→ TASK: Find the line containing "- Specific heat" in the entries below. Restate it and each line after it, word for word, up to and including the line containing "پس از ثبت کالاها".

→ DATA SHOWN:

——————————

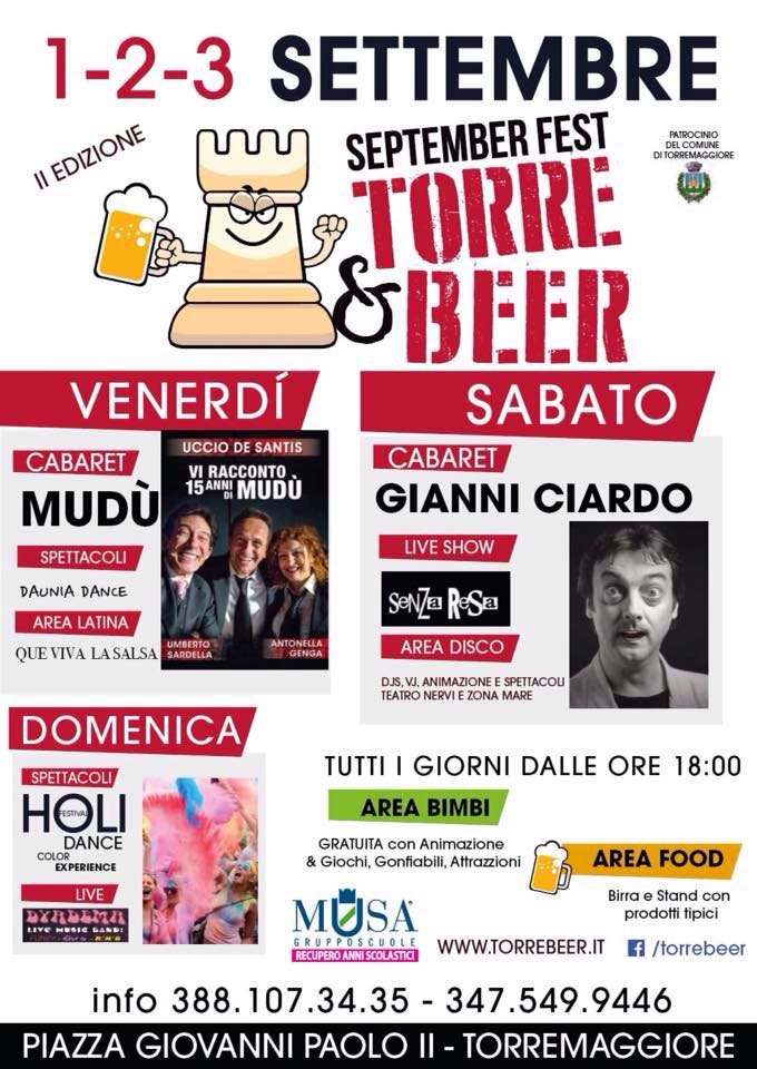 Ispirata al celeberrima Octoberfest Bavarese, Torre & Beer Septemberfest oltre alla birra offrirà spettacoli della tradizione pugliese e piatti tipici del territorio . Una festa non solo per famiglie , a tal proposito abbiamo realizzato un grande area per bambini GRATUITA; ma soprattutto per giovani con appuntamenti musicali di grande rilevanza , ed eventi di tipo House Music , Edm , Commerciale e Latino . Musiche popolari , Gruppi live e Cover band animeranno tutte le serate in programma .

——————————

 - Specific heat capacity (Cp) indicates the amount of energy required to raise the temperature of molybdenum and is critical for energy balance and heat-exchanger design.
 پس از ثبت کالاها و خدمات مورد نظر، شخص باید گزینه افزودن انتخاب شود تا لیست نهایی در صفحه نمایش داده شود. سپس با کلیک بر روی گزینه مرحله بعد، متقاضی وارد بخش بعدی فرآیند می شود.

——————————

→ WRITTEN REPLY:
 - Specific heat capacity (Cp) indicates the amount of energy required to raise the temperature of molybdenum and is critical for energy balance and heat-exchanger design.
 پس از ثبت کالاها و خدمات مورد نظر، شخص باید گزینه افزودن انتخاب شود تا لیست نهایی در صفحه نمایش داده شود. سپس با کلیک بر روی گزینه مرحله بعد، متقاضی وارد بخش بعدی فرآیند می شود.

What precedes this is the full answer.